#29. The Big Parade (1925)

big-parade-posterI really disliked (probably hated) the first two-thirds of this movie, which seemed like it was meant to be a comedy, except that it wasn’t funny and the leading characters were loathesome and almost every scene felt like it ran fifteen seconds too long. But then the third act happened, and the third act was great, and the movie shifted some major tonal gears so that what had appeared to be a romantic comedy, set against a backdrop of World War I, reveals itself to be an honest meditation on the horrors of war.

I wasn’t in a good mood when I sat down to watch this, though, so I should maybe give those first two-thirds another chance. I had just gotten home from dinner with a friend, her birthday, and she cried from basically the moment we sat down to the moment we left because she got dumped recently. She and her girlfriend were together a long time. Then we got a drink afterward and there at the bar, halfway into the pitcher, her phone buzzed with some well-meaning email from a friend of a friend and she started bawling as she read it. Couldn’t be stopped.
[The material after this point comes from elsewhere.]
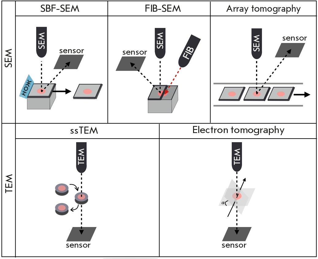 Fig. 2. Methods for obtaining three-dimensional images using TEM and SEM. Regardless of the type of microscopy, the first step is specimen preparation, which involves using polymer media to immobilize the specimen and then cut it into sections. Among specimen immobilization methods, the most popular techniques include fixation using methacrylate [8], cryofixation, freeze-fixation, and Tokuyasu cryosectioning [9]. The next step involves accumulating an array of 2D images using TEM or SEM. The recorded images should be aligned with the XY axes and potential rotation should be eliminated, being especially important for systems that study individual sections (ssTEM and array tomography). Next, the area that will be shown in the final image is selected from the resulting array. The final step is creating a full-fledged 3D image from the recorded 2D segments using specialized software

There was a while after the breakup where she did this every day. That was a few months ago. It tapered off eventually, she sobered up, and for a while she was out and about with friends, putting her life back in order. Now it looks like she’s back to square one for some reason. And I know it’s shady to turn the attention onto myself but she’s putting me in this situation that maybe you’ve dealt with too which is that you’ve got this friend who’s going through a really hard time, maybe harder than you can imagine, and so you sympathize for her and want serious for her to feel better…but then you start getting angry. Because she’s so sad. Not that she doesn’t have a right to be this sad, not that it doesn’t make sense. It’d be weird if she wasn’t. But this friend of mine is almost a year out of this breakup and you’d think it happened yesterday. Ahdunno. I was in this weird mood of feeling extremely bad for her, but also feeling kinda pissed that she was still so fucking sad. Then it gets even muddier because I start getting angry at myself for being so impatient with her feelings. (And also what I think I need to admit to myself is that I’m still really upset about her breakup for my own complicated reasons, I won’t get into em here, and it isn’t pleasant for me to hear her talk and weep and pity herself about it every time we hang out.)

But that’s whatever. Off to the side.

I’m developing a weird love affair with these old title cards…
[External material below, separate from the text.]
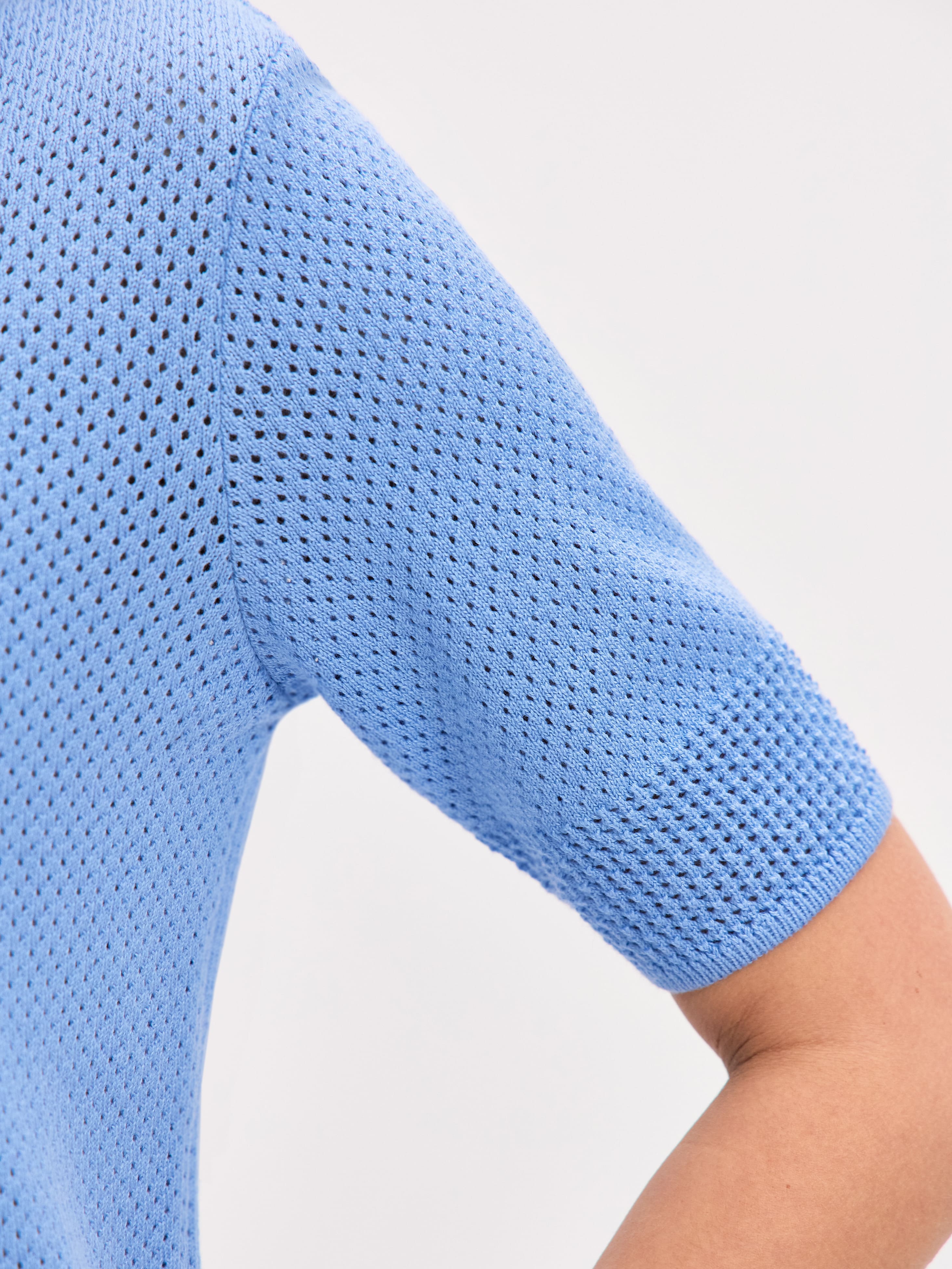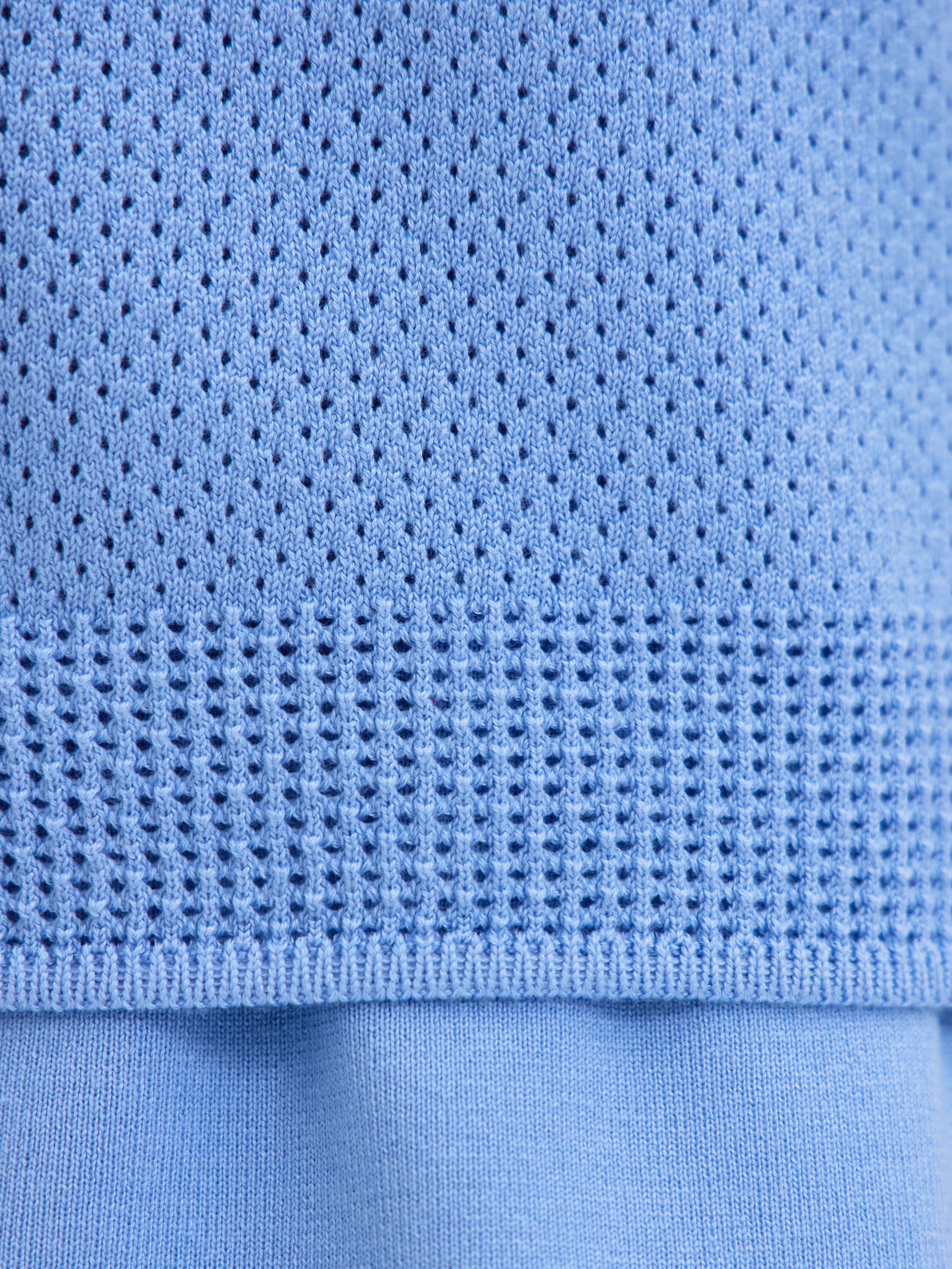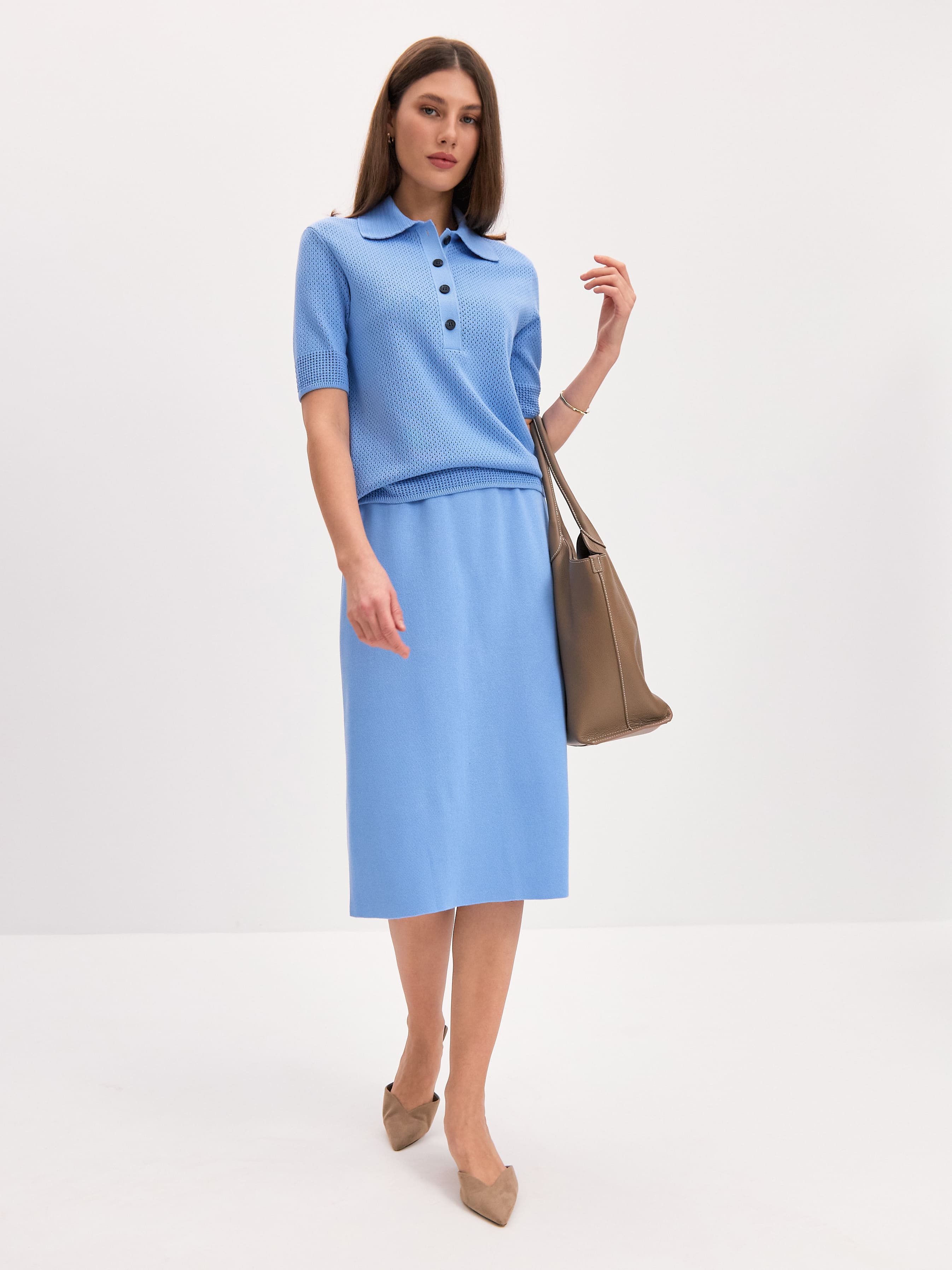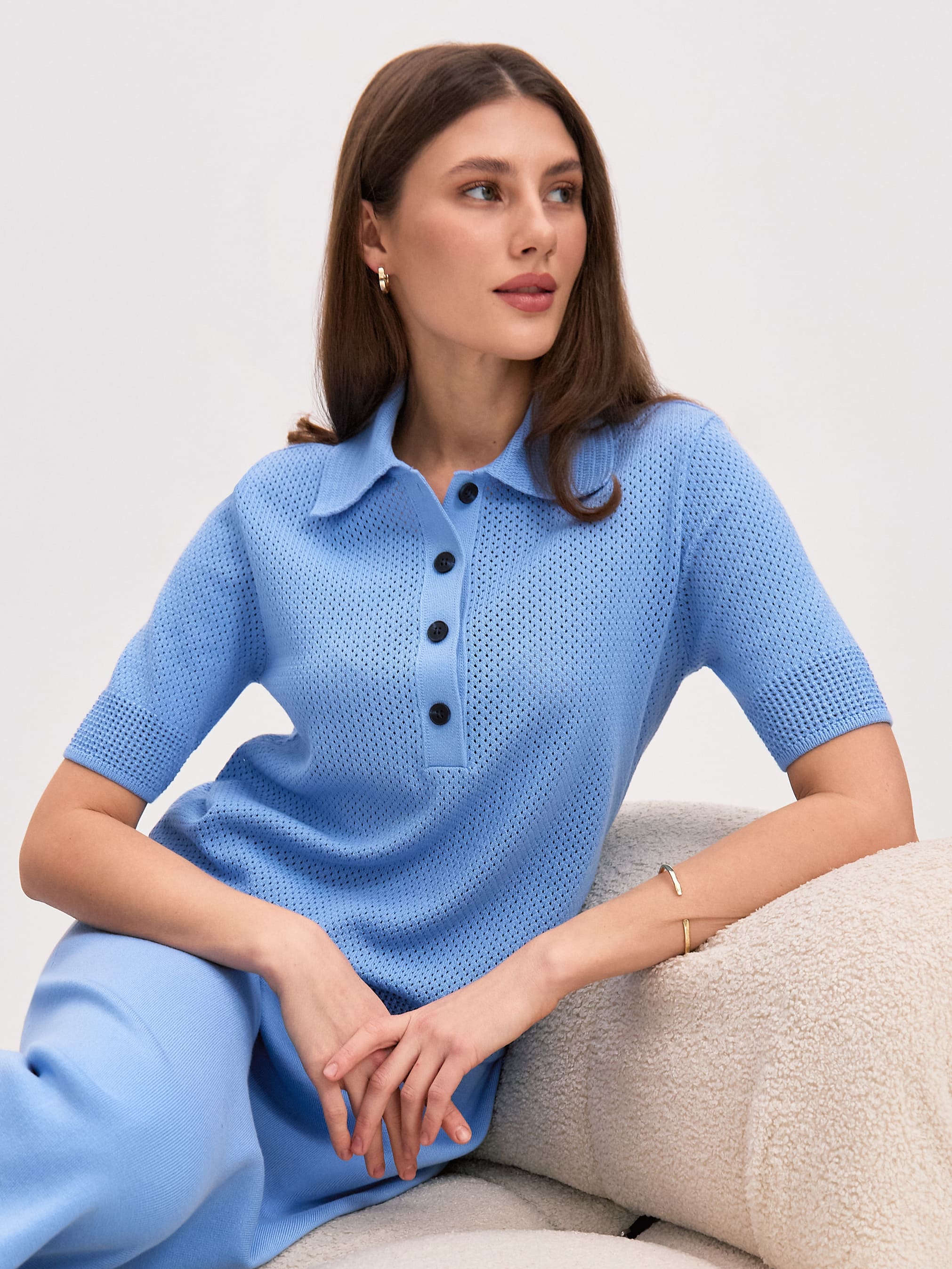 Нежное вязаное поло с хлопком и невесомой вискозой. Изюминка модели – аккуратная перфорация. Каждая трикотажная ячейка работает как проводник воздушных капсул, бережно охлаждающих тело. Уютный джемпер для летнего отпуска и морских прогулок. Мягкий трикотаж защитит от активного солнца, бриза и перегрева. Рифмуется с любым низом из круизной коллекции 99colorspace – вискозными юбками или пластичными хлопковыми палаццо.

As for the movie: it’s about a rich kid named James Apperton (John Gilbert) who’s arrogant and entitled and dependent on his parents. He enrolls in the army and there he befriends two other guys, Slim (Karl Dane) and Bull (Tom O’Brian), the first being tall and skinny while the other is short and fat. Both are goofy. Both are also rude and entitled and actually all three of them, our hero included, make a sport of harassing the French woman, Melissande (Rene Adoree), with whom our protagonist ultimately falls in love. Eventually war starts happening and my experience of the movie went from near-hated to tolerance and maybe finally affection toward the end.

big-parade-gif-2I do think, in retrospect, that the audience needs to hate these characters at first in order to feel that sudden concern for them at the end. That weird emotional shift where you’re like, “Fuck, I hate these guys…but nobody deserves this.”

But yeah: an interesting movie, in theory. Apparently it was MGM’s biggest success up to that point?